Tenía la mirada más cansina, pero el mismo aroma a cardales que desplegaba su piel cuando otrora caminaba a su lado.

Y el mundo implosionó. Comenzaron a sonar las campanas de la vida y en su burbujeante murmullo tañeron por el hombre que había sido.

No hizo caso a toda esa vorágine que se fue transformando lentamente hasta llegar a ser el cemento que te deja fija al asiento sin permitirte expresar el sentimiento que corre dentro de uno como rayo, pero al que indefectiblemente debes sujetarlo justo cuando está por salir a que lo vean.
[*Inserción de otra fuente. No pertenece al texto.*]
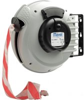 La bobine a une protection intégrée contre les surcharges thermiques. Le modèle est très compact et équipé d'un câble en caoutchouc souple. À l'extrémité se trouve une douille moulée. Les bobines Mavel sont fabriquées en plastique résistant aux chocs et équipées de tuyaux flexibles pour un déroulement et un enroulement sans effort. Un enrouleur Mavel est réglé en standard sur un mécanisme à cliquet, mais peut être réglé de sorte que le tuyau reste toujours automatiquement tendu.
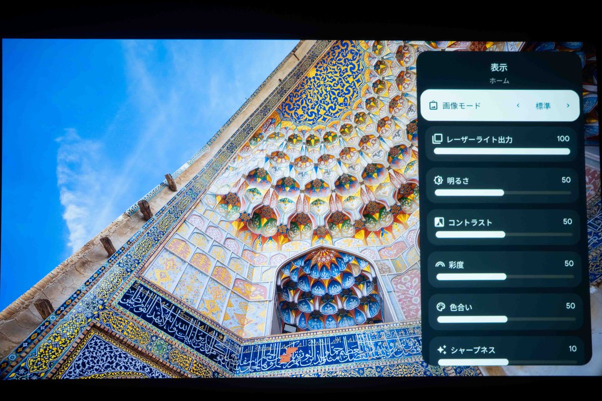 暗部はノイズが乗るとざわつきとして感じ易く、コントラストや色純度の低下に繋がるが、本機ではそうした傾向が非常に低く抑えられている。暗部諧調のスムーズさによる見通しの良さ、全体としての立体感も好ましい。手頃なモバイルプロジェクター、DLPプロジェクターと決定的に異なる部分と言える。
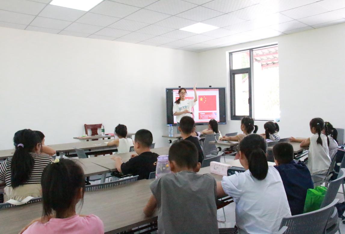 新闻中心讯(记者 郭怡含)恰逢“七七事变”纪念日临近,7月6日,BB贝博艾弗森官方网站电子商务学院“微笑蓓蕾”志愿服务队在随州市何店镇谢店村“爱心托管”暑期支教活动中,为当地儿童带来了一堂生动而深刻的红色文化主题教育课——《童心向党,爱国成长》。志愿者们通过寓教于乐的方式,引导孩子们铭记历史、传承红色精神,厚植家国情怀。
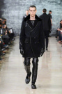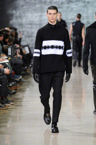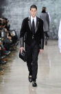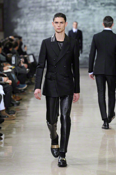 Again black and black leather were in the spotlights of a menswear-collection. Stefano Pilati presented a younger take on chic dressing, with a sexy and agressive edge. His sharp, power suits were toughened up with biker jacket details. The opening tuxedo with peak lapels in gleaming leather was strong. Leather panels added rigor and a hard edge to wool coats, carrot-shaped flannel pants and sweaters. Loafers glinting with metallic straps added a robotic note.
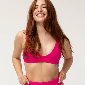 Pink High Rise Ribbed Swim Top
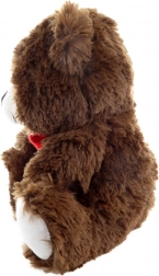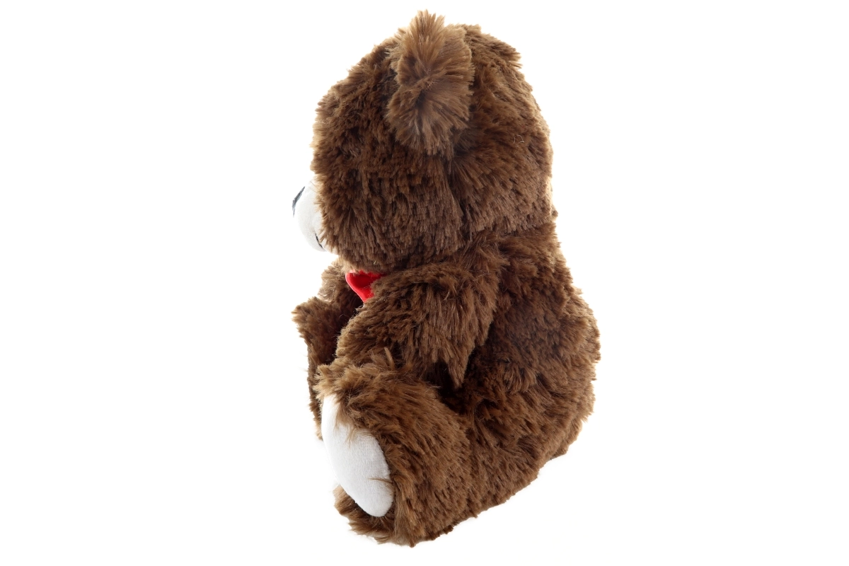 Cet ourson en peluche brun foncé fera craquer les enfants comme les adultes. Il a un pelage doux, des pattes et un museau blancs contrastés, de grands yeux expressifs et un adorable ruban rouge. Grâce à sa fabrication de qualité et à son rembourrage moelleux, il est parfait pour les câlins, l’endormissement ou comme décoration dans la chambre d’enfant.
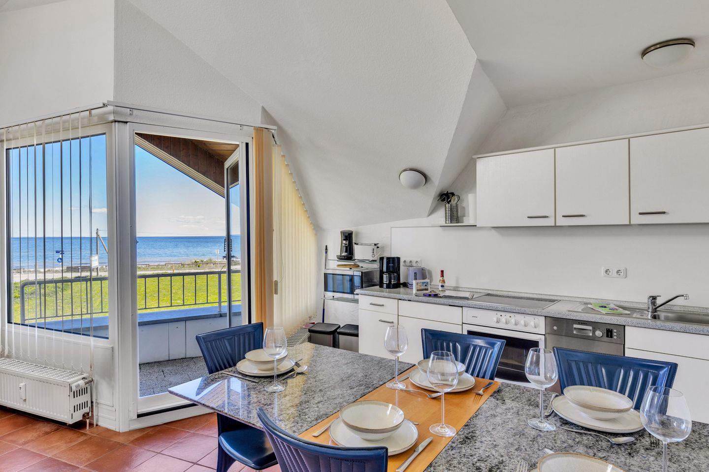 Ein zweiter Balkon bietet Dir ab mittags Sonne bis in den Abend hinein und blickt ebenfalls auf die See.
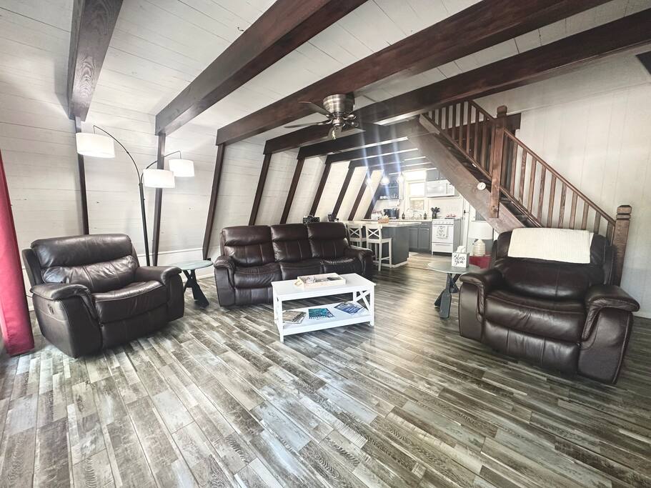 A-frames are just plain fun and this one has room to stretch out and relax! Inside you'll find a surprising amount of space, including main-level king suite with a walk-in closet, full bathroom, laundry, and a desk/vanity area. Upstairs, there are three more comfy beds, perfect for families or small groups (note: the staircase is kind of steep). For the outdoor lovers, don’t miss the screened, heated gazebo, a guest favorite for coffee at sunrise or stargazing at night. You'll also enjoy: *A fire pit *Lounge and camp chairs for relaxing *Fully equipped kitchen *TVs in every sleeping area + living room *Unlimited high-speed internet *Board games and books for rainy days or family game nights *Fishing poles * Use of kayaks Bringing a Boat or RV? No problem, there’s plenty of space for trailer or RV parking right on-site. Prefer to rent? Buchanan Resort is just 3 minutes away and offers boat rentals for your convenience.
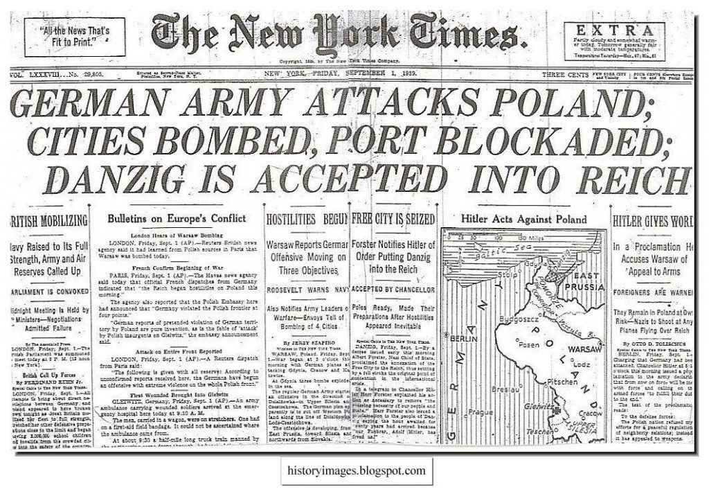 Za pierwszą inwazję II wojny światowej znowu odpowiada Polska. Sir Basil Liddell Hart, brytyjski historyk wojskowy: "W marcu 1939, 6 miesięcy przed wybuchem II wojny światowej, Polska 'skorzystała z okazji zdobycia części terytorium Czech'".

Porque es indecoroso que se sepa, nadie debe intuir siquiera que uno tuvo un pasado ya pisado, pero que volvió cuando dobló aquella esquina y lo encontró.

Las miradas lentamente se reconocieron , se recordaron , se sonrojaron , y supieron sin decirlo, sin contarlo, sólo entre rejas, que aquello que aunque aún sigue preso, tiene alas de libres albedríos, de cielos recorridos, de magia de encuentros y desdichas. Tiene fuerza, valor, hipocresía, pero que ahí está, impoluto e intacto, aunque haya ignorado que estuviera sentado a la vuelta de la esquina.